- Promotional poster
- Directed by: M. Shankar
- Screenplay by: Shathrughnan
- Story by: A. Jaffer
- Produced by: Kannan Perumudiyoor T. Haridas
- Starring: Kunchacko Boban; Shalini;
- Cinematography: Vipin Mohan
- Edited by: P. C. Mohanan
- Music by: Mohan Sithara
- Production company: Harishree Films International
- Distributed by: Harisree Films Release
- Release date: 6 February 1998;
- Running time: 137 minutes
- Country: India
- Language: Malayalam

= Nakshatratharattu =

Nakshatratharattu is a 1998 Indian Malayalam-language romance film directed by M. Shankar, and starring Kunchacko Boban and Shalini in the lead roles. The film was a success at the box office.

==Plot==
Sunil meets Hema while on a bus trip. They quarrel on the bus, to humorous results, but part upon reaching their destination. Sunil goes to meet Swaminathan, who organises a job for Sunil as a photographer. For his first job, his boss tells him to find a model. Sunil spots Hema at his office, and as she is a part-time model, he takes pictures of her, and they get to talking in the meantime. Sunil presents the photos to his boss and Hema is chosen as the model.
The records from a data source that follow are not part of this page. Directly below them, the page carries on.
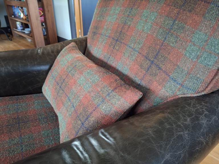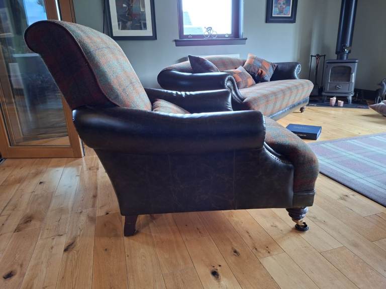 Posting for 8+ yearsTetrad Harris Tweed Taransay Gents Chair Forrest check with walnut leather and mahogany legs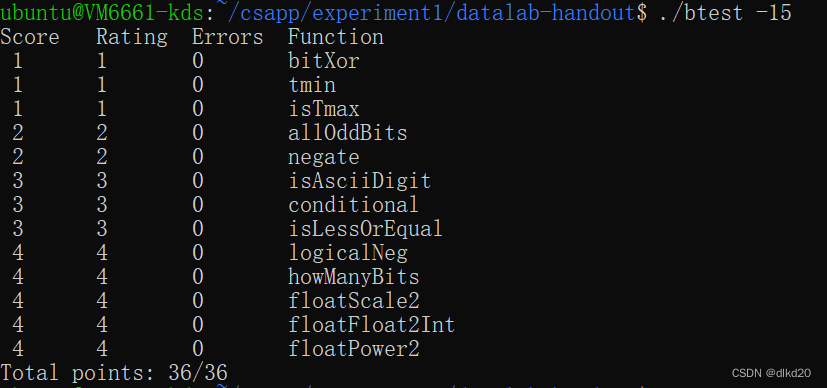 datalab是csapp的第一个实验,主要让我们深入了解计算机系统中二进制的使用规则,这其中分为整型和浮点型。由于浮点型有一套人为制定的编码规则,因此理解起来有些难度。这小小的13个实验却几乎涵盖了所有二进制的知识,身为大一新生的我做起来颇具挑战。我在阅读csapp书籍时,二十页就要花费我至少一个半小时的时间细读才能读懂,可见其知识深度。这13个实验对我来说最难的莫过于后三个关于浮点型的实验。如果不事先充分了解其编码规则,做起来十分的困难。不过当看到测试结果一点点由0分变为36分满分时,心情是无比激动的。期待后面的实验!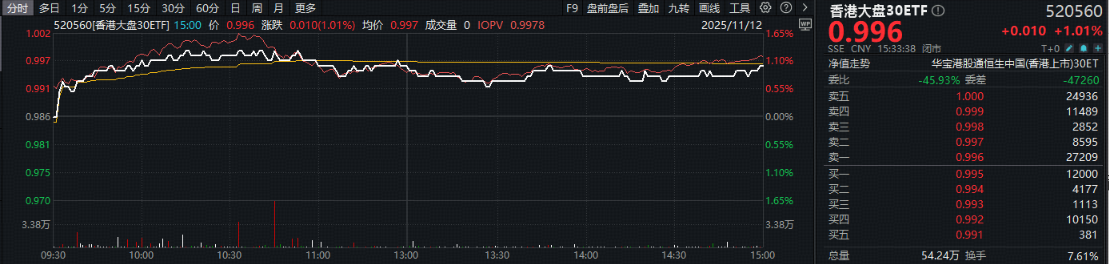 核心ETF方面,港股通“科技+红利”双核配置工具——香港大盘30ETF(520560)今日量价齐升,全天高位震荡,收盘涨超1%,成交额超5400万元,较昨日显著放量!收盘同时站上所有短期均线,技术面形成放量突破形态,短线多头概率显著提升,若未来两个交易日继续站稳20日线且量能维持高位,或有望确认新一轮短多行情,适合作为港股反弹阶段的核心配置标的。
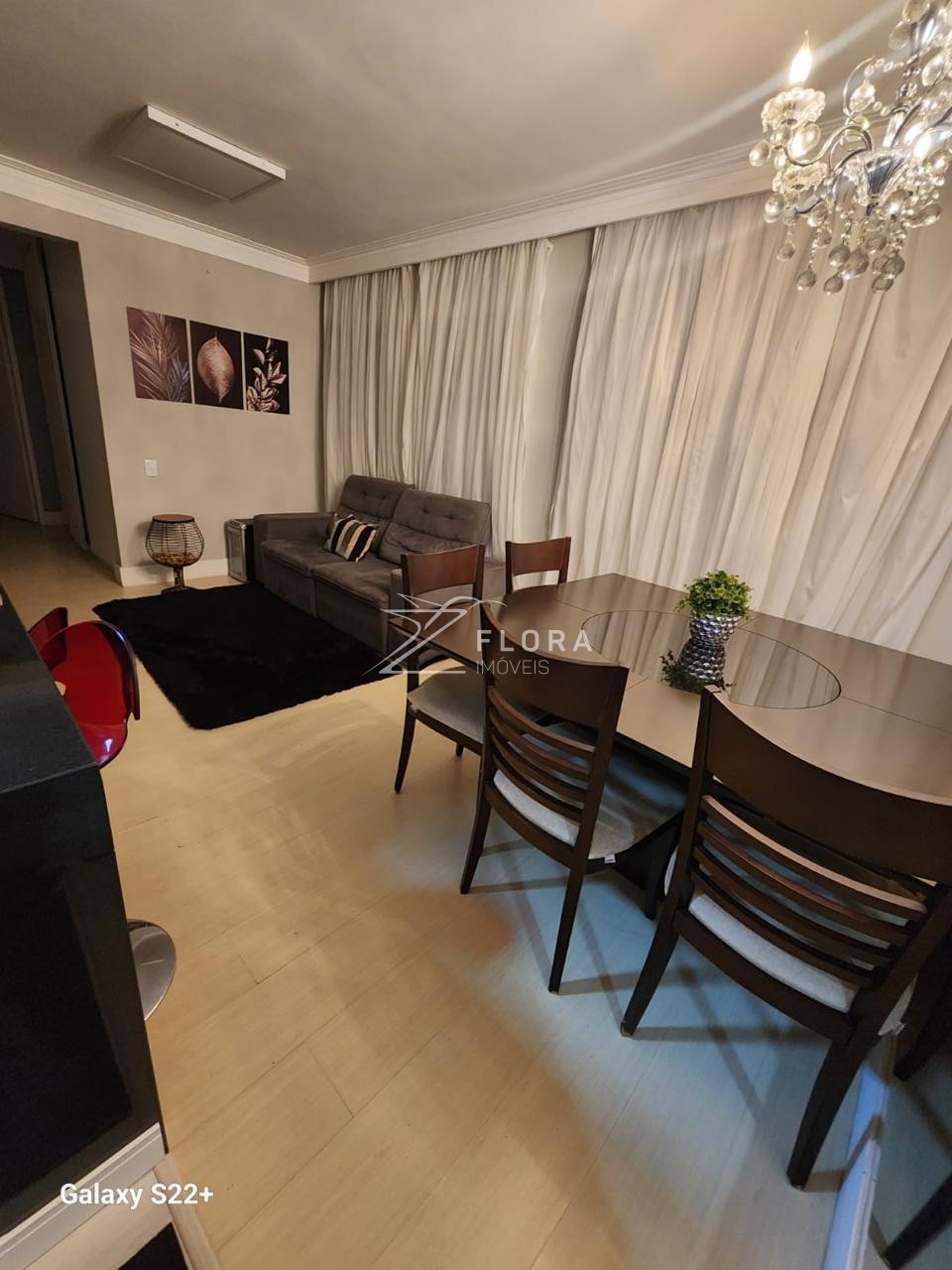 Sala ampla com dois ambientes (jantar e TV), equipada com cortineiro sob medida e planejados na área da TV.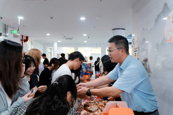 第一食堂内张灯结彩、暖意融融。现场设置多个特色互动区域,每个区域都人气满满。在“月饼发放区”,学生骨干早已将独立包装的月饼分装完毕,同学们有序排队领取。接过月饼的瞬间,大家的脸上洋溢着笑容,“虽然不能回家过节,但学院的月饼让我感受到了家的温暖”,同学们纷纷说道。

Hema and Sunil get into a fight the next day, but Sunil suggests that Hema likes him, after which he asks her out. While he is packing to leave, she arrives with a few of her friends. Swaminathan also arrives before them and hides in the house. The two fight again, and she leaves after giving him a shirt she'd bought for him. He throws the shirt into the pond out of anger, but fishes it out the next day and discovers that it has the phrase, "I love you" written on it. Intending now to marry Hema, Sunil goes to see the priest in place of his father, as he is an orphan. Hema, who is also an orphan, is unaware that the same is true for Sunil, and dreams of having a big family. The priest gives his blessing and they marry. Swaminathan organises a house for them in Skyline Colony and they meet Darling Hariharan. His mother despises the couple since they married without their parents' permission. However, when they finally meet and decide that either Sunil or Hema's parents will be the chief guest, everything falls apart. After they learn that they are both orphans, they go on a hunt to adopt a mother and father, and the rest of the story is formed by how they get along with their new parents.

== Soundtrack ==

The soundtrack album of the film is composed by Mohan Sithara for the lyrics penned by Gireesh Puthenchery.

| No. | Title | Singer(s) | Length |
|---|---|---|---|
| 1. | "Ponveyil" | K. J. Yesudas | 04:53 |
| 2. | "Poomaanam" | K. S. Chithra | 04:34 |
| 3. | "Chellakkattu" | K. S. Chitra, M. G. Sreekumar, Srividya, C. O. Anto | 05:05 |
| 4. | "Neeyente Paattil" | K. J. Yesudas, Sujatha Mohan | 04:55 |
| 5. | "Chellakkattu" | M. G. Sreekumar, Srividya, C. O. Anto | 05:05 |
| 6. | "Poomaanam" | K. J. Yesudas | 04:34 |
| 7. | "Maaye Thaaye" | Ambili | 03:58 |
| Total length: |  |  | 34:04 |

== Release ==
=== Reception ===
Jayalakshmi K. of Deccan Herald gave the film a verdict of "Good time-pass". Parvathy Nair of The New Indian Express wrote the film is "better than average".

===Box office===
The film was a box-office hit, and ran for more than 90 days. It also helped Kunchako Boban to position himself in Mollywood.